The little shape of these Minis is also fun. Instead of the usual two-fingered snack size, these are a little shorter and of course are only one finger. About the size of my pinkie, which is rather small as fingers go. Because of the small size I felt like there was more chocolate on these. But I also felt like the crispy wafers were really, really crispy. The minted chocolate is pretty smooth, a bit sweet and lacking a rich chocolatey experience, but generally in support of the cookie and mint elements.
I don’t know if I’d buy these again since I’m getting a little tired of them since it was a 10.5 ounce package, but I found them to be far better than most of the other Limited Editions I’ve had in the past year or so.
Thursday, January 4, 2007
This was a super-cute stocking stuffer that Santa gave me this year. I have to say that Whitman’s has never been of much interest to me. Perhaps it’s that I’ve found them a bit stale tasting. But it also might be the package, sure Whitman’s Samplers are retro looking, but that not-so-fresh appearance may have been affecting my taste.
But without the regular packaging, I have to say these looked pretty good. The tin has a Tiffany blue background and gold printing. It’s about the same size as a Sucrets lozenge tin, but a little deeper. Each piece of candy is nestled in a little perfect-shaped spot in the plastic tray.
The long milk chocolate rectangle was called Milk Chocolate Butter Cream, which was a kind of chewy sweet fudge. Very sweet, but a pleasant flavor combination.

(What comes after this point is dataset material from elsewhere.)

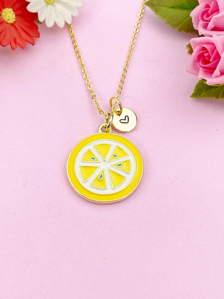 This is a gold tone Lemon Slice charm with hand stamped initial charm on brass/stainless steel chain.
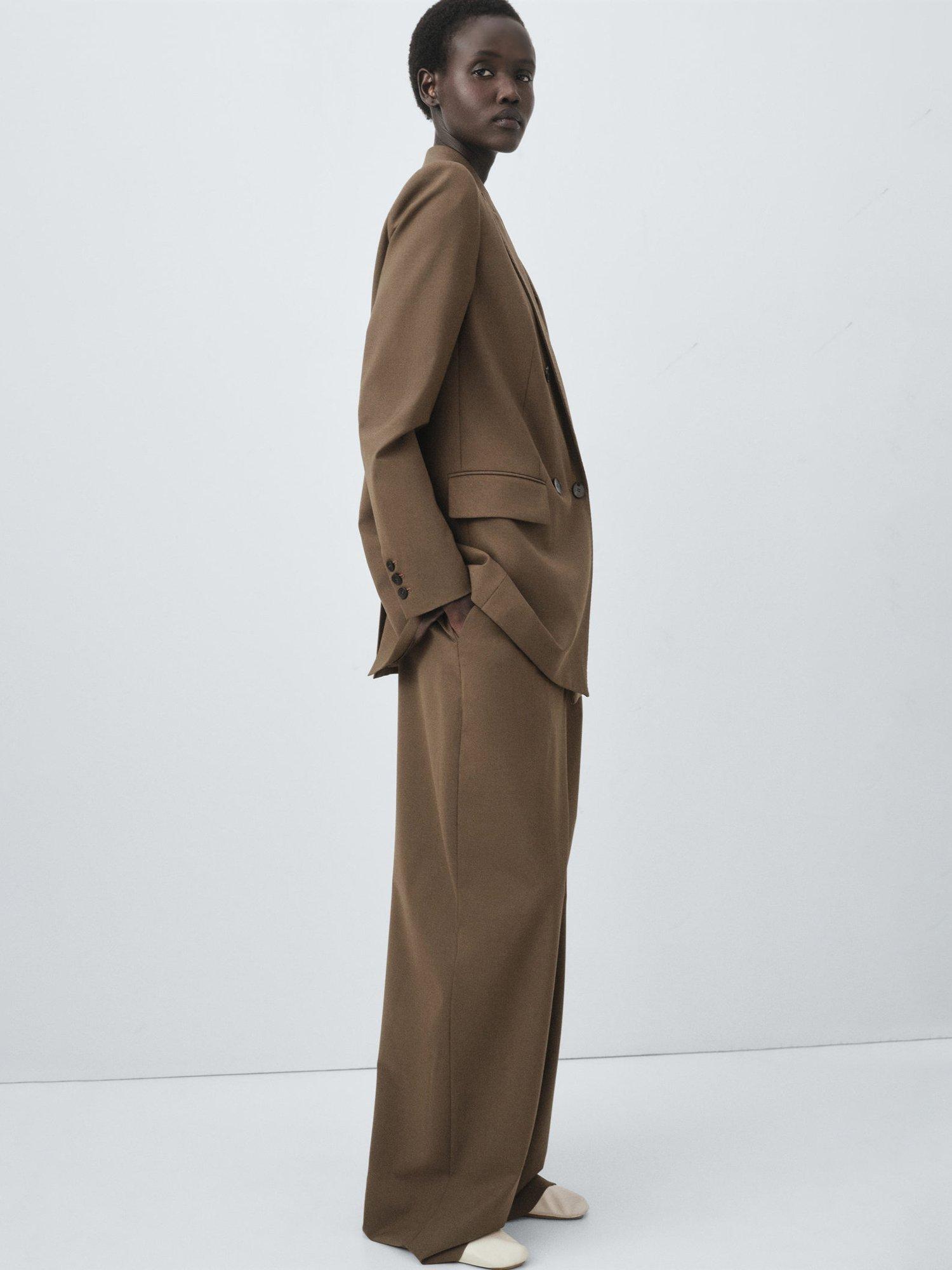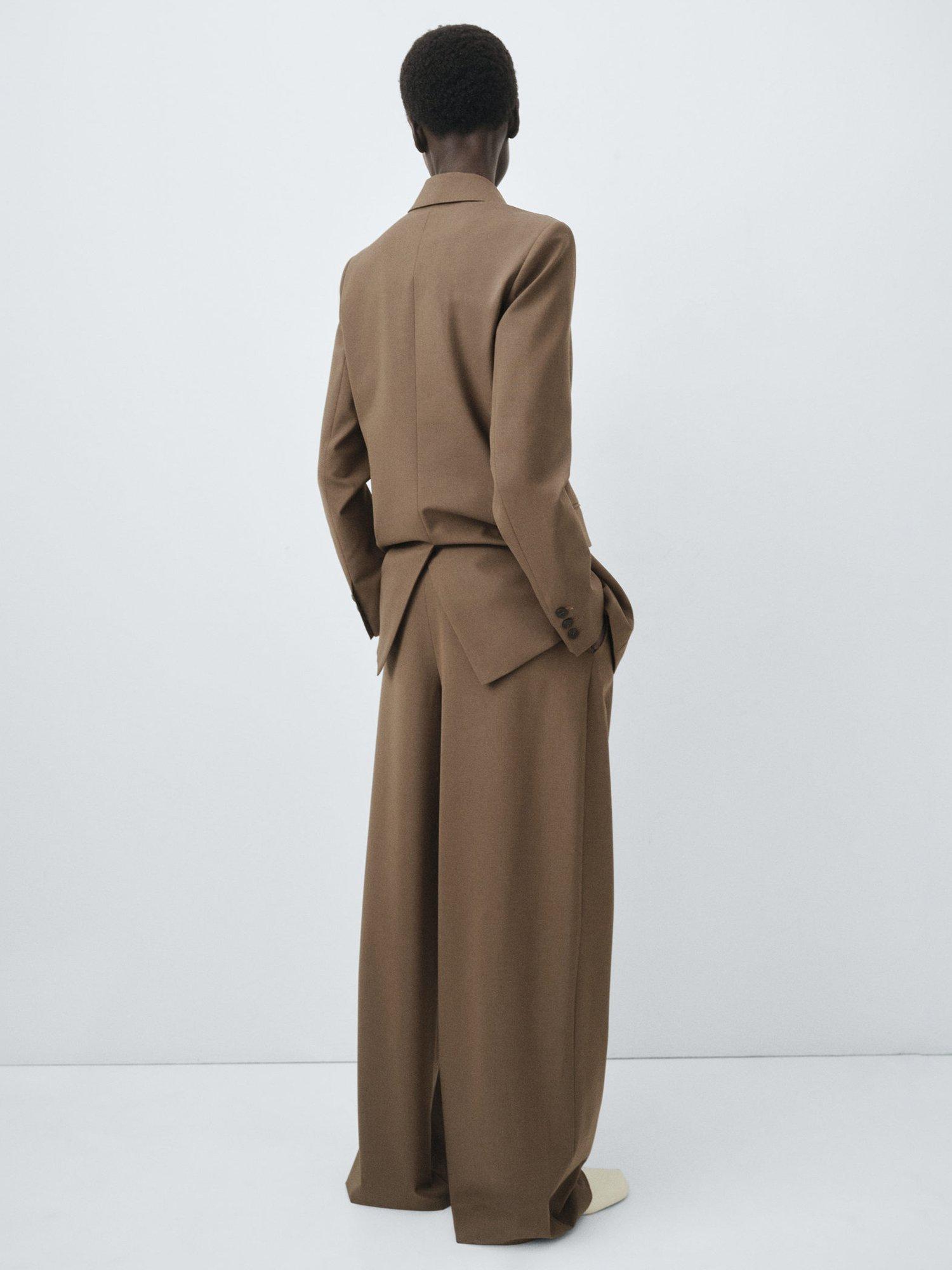 - COMPOSITION: 50% POLYESTER, 26% VISCOSE, 19% WOOL, 5% ELASTANE. LINING: 52% VISCOSE, 48% POLYESTER.

The round dark chocolate piece was called Dark Chocolate Coconut and unsurprisingly had a coconut center like a Mounds bar. Fresh tasting and not too sweet, the real winner in the box.
The Messenger Boy was cute, with it’s little cross-stitch look. It was a small tablet of milk chocolate. Sweet and unremarkable.
The last one was the Milk Chocolate Caramel which was just the right consistency. Easy to bite but chewy with nice long strands of caramelized sugar and butter. It could have used some more salt to balance the very sweet milk chocolate.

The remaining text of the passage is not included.